Download and virtualize dataset

import os
from pathlib import Path

import earthaccess
import rasterio
import rioxarray  # noqa
import s3fs
import xarray as xr
import zarr
from common import earthaccess_args
from icechunk import (
    IcechunkStore,
    S3Credentials,
    StorageConfig,
    StoreConfig,
    VirtualRefConfig,
)
from rio_cogeo.cogeo import cog_translate
from rio_cogeo.profiles import cog_profiles
from virtualizarr import open_virtual_dataset
from virtualizarr.writers.icechunk import dataset_to_icechunk

Setup earthaccess query parameters

dataset = "mursst"
dataset_args = earthaccess_args[dataset]
concept_id = dataset_args["concept_id"]
filename = dataset_args["filename"]
variable = dataset_args["variable"]

Authenticate via earthaccess

earthaccess.login()

Download dataset

results = earthaccess.search_data(
    concept_id=concept_id, count=1, temporal=("2002-06-01", "2002-06-01")
)
fp = earthaccess.download(results, "earthaccess_data")[0]

Virtualize dataset

def virtualize_dataset(local_fp):
    """Create a virtual reference file for a dataset"""

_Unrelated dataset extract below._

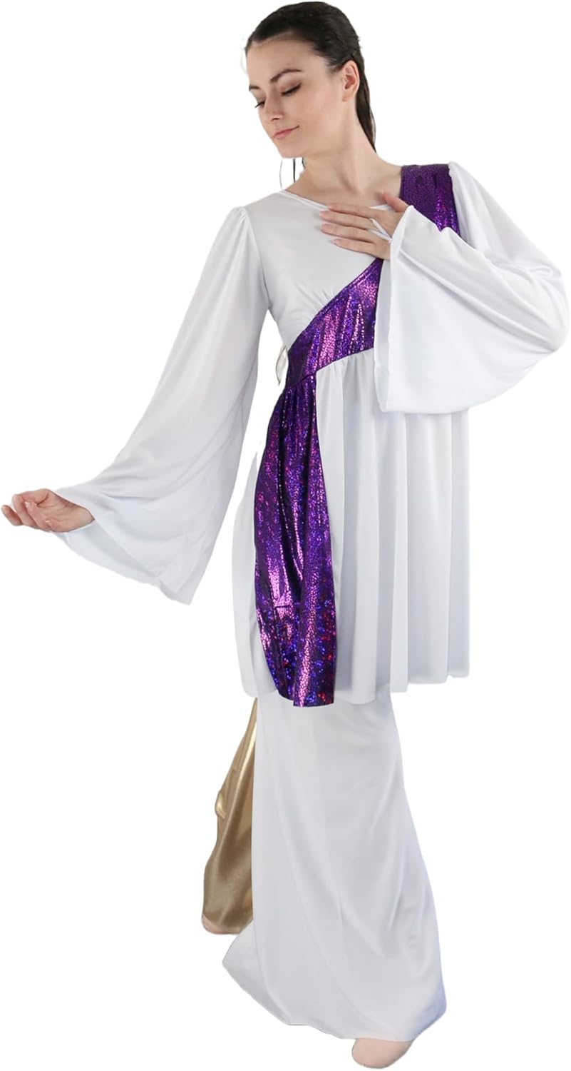 This Shimmery Asymmetrical Bell Sleeve Praise Dance Tunic features a unique loose bell long sleeve, giving you enough space to move and giving you the best comfort when dancing. A loose skirt and metallic color block patchwork design will dance with each movement, creating a vibrant, unique, and stunning look. Perfect for liturgical dance, worship dance, ministry dance, modern dance, and any performance.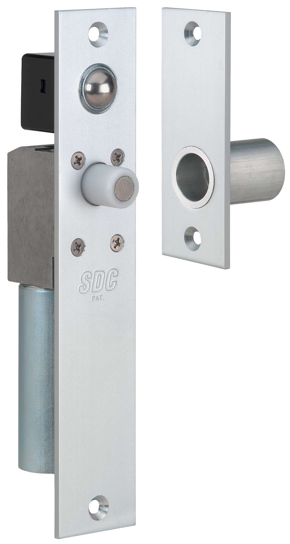 FS23M locks are equipped with nylon bolts with hardened magnet cores, specification grade solenoids and automatic relock ball switches. Bolts rotate freely, making attempts to tamper or cut extremely difficult. Specification grade solenoids facilitate superior overall performance in both force and longevity, when compared to commercial grade solenoids. Automatic relock ball switches keep the bolt retracted while the door is open. The door depresses the ball switch on closure, causing the bolt to project automatically, locking the door. Additionally, ball switches are field adjustable to compensate for wide door gap and bidirectional to permit use on swinging and sliding doors.

    def local_to_s3_url(old_local_path: str) -> str:
        """Replace local path to s3 uri for all chucks"""

        new_s3_bucket_url = Path("/".join(s3_uri.split("/")[1:-1]))
        filename = Path(old_local_path).name
        new_path = f"s3:/{str(new_s3_bucket_url / filename)}"
        return new_path

    s3_uri = results[0].data_links(access="direct")[0]
    virtual_ds = open_virtual_dataset(str(local_fp), indexes={})
    virtual_ds = virtual_ds.virtualize.rename_paths(local_to_s3_url)
    virtual_ds = virtual_ds[[variable]]
    return virtual_ds.drop_vars("time")
virtual_ds = virtualize_dataset(fp)

Store virtual dataset as kerchunk reference

s3_uri = results[0].data_links(access="direct")[0]
if dataset == "gpm_merg":
    output_fp = f"earthaccess_data/{s3_uri.split('/')[-1][:-4]}.json"
else:
    output_fp = f"earthaccess_data/{s3_uri.split('/')[-1][:-3]}.json"
virtual_ds.virtualize.to_kerchunk(output_fp, format="json")

Store virtual dataset using icechunk

s3_creds = earthaccess.get_s3_credentials(daac=dataset_args["daac"])
credentials = S3Credentials(
    access_key_id=s3_creds["accessKeyId"],
    secret_access_key=s3_creds["secretAccessKey"],
    session_token=s3_creds["sessionToken"],
)
storage = StorageConfig.s3_from_env(
    bucket="nasa-veda-scratch",
    prefix=f"resampling/icechunk/{dataset}-reference",
    region="us-west-2",
)
config = StoreConfig(
    virtual_ref_config=VirtualRefConfig.s3_from_config(credentials=credentials),
)
virtual_store = IcechunkStore.open_or_create(storage=storage, config=config, mode="w")
dataset_to_icechunk(virtual_ds, virtual_store)
virtual_store.commit("Create refenence dataset")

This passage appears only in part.